## Work required
The required output is the line with "Jam Tangan Pria" plus all lines that follow it to the end of the listing below, written out exactly, with no pictures.

## Dataset excerpts
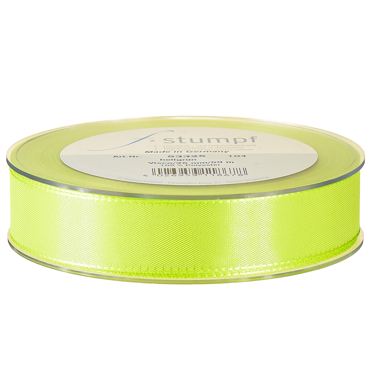 Das Geschenkband und Dekorationsband in Limettengrün ist in etwa 25 Millimeter breit und circa 50 Meter lang.
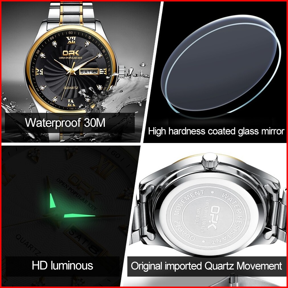 Jam Tangan Pria Opk 8103 Anti Air Murah Elegan Terbaru Rantai Tahan Karat Quartz Movement
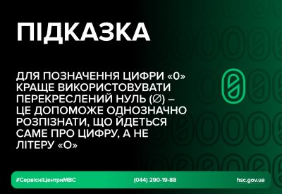 - для позначення цифри «0» краще використовувати перекреслений нуль (∅) – це допоможе однозначно розпізнати, що йдеться саме про цифру, а не літеру «О».
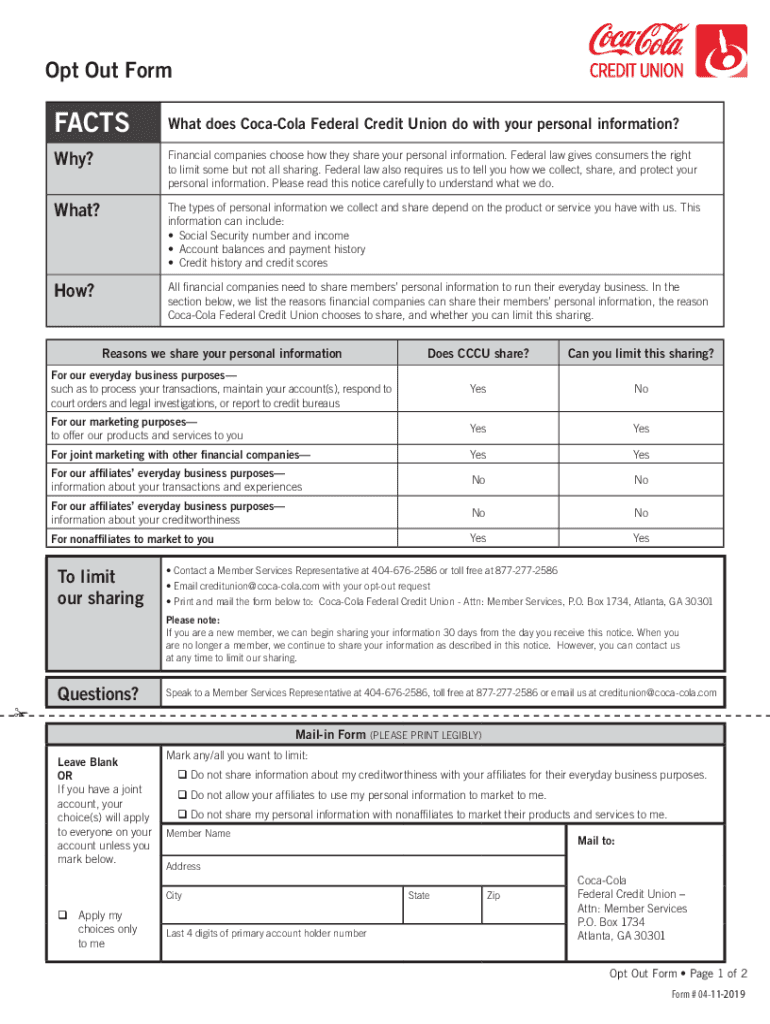 Opt-Out Form FormFACTSWhat What does Coca-Cola Federal Credit Union do with your personal information? Information? Why? Why? Financial companies choose to choose how they share your personal information.
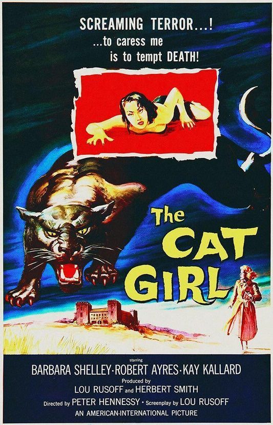 The Cat Girl White Modern Wood Framed Art Print with Double Matting by Hollywood Photo Archive

## Answer space
 Jam Tangan Pria Opk 8103 Anti Air Murah Elegan Terbaru Rantai Tahan Karat Quartz Movement
 - для позначення цифри «0» краще використовувати перекреслений нуль (∅) – це допоможе однозначно розпізнати, що йдеться саме про цифру, а не літеру «О».
 Opt-Out Form FormFACTSWhat What does Coca-Cola Federal Credit Union do with your personal information? Information? Why? Why? Financial companies choose to choose how they share your personal information.
 The Cat Girl White Modern Wood Framed Art Print with Double Matting by Hollywood Photo Archive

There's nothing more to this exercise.